On 7 déc. 2009, at 10:57, Richard W.M. Jones wrote:
> On Tue, Dec 01, 2009 at 04:08:38PM +0100, Pierre Riteau wrote:
>> For a project of mine I would like to create VMs from tarballs of
>> root filesystems. I would like to use libguestfs since this is
>> exactly what the tar2vm.sh guestfish recipe does.
>>
>> However, I need to extract tarballs that are in the hundreds of
>> megabytes, but my tests showed that performance is very low, both
>> with tgz-in and with guestmount (sorry I don't have the numbers any
>> more, but it was something like more than one hour to extract a
>> tarball containing a Debian Lenny installation).
>>
>> Is there any way to drastically improve libguestfs' performance?
>
> First of all, read:
>
>
http://libguestfs.org/FAQ.html#slow
>
> Using tar-in/tgz-in to copy the tarball into the appliance is always
> going to be slow. I would think you should get better performance if
> you write the tarball into an ISO first, and attach that. Something
> like:
>
> mkisofs -JR -o cd.iso the_tarball.tar.gz
>
> guestfish -a guest.img -a cd.iso
> [...]
>> <fs> mkmountpoint /guest
>> <fs> mkmountpoint /cd
> [...]
>> <fs> mount /dev/sdb /cd
> [...]
>> <fs> debug sh "tar xcf /cd/the_tarball.tar.gz /guest"

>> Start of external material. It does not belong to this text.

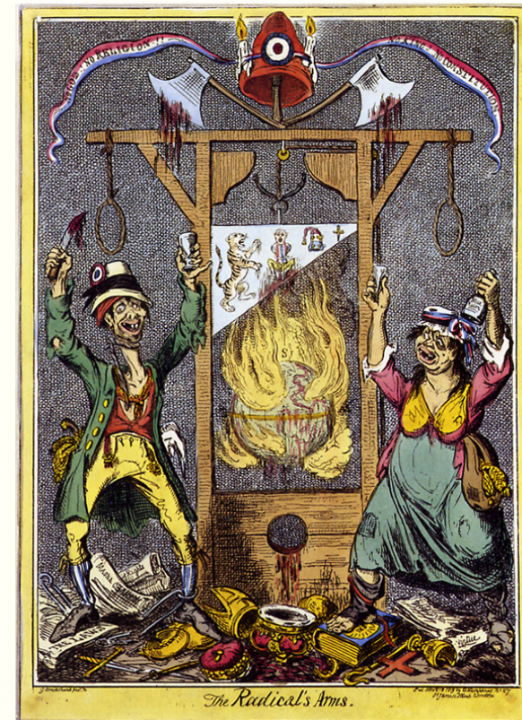
George Cruikshank, 1819

Copyright 2010 Alexandre Oliva (última modificação em outubro de 2010)

I got it to work using the following sequence:
$ guestfish -a guest.img -a cd.iso
run
sfdiskM /dev/sda ","
mkfs ext3 /dev/sda1
mkmountpoint /guest
mkmountpoint /cd
mount /dev/sda1 /guest
mount /dev/sdb /cd
debug sh "tar -C /sysroot/guest -xzf /sysroot/cd/the_tarball.tar.gz"
This is much better (on my test system it writes at about 15 MB/s).
However, it is still far from what the hardware can do (more than 60 MB/s).
tar's default block size is historical, and probably too small.
With a larger one you might narrow the gap.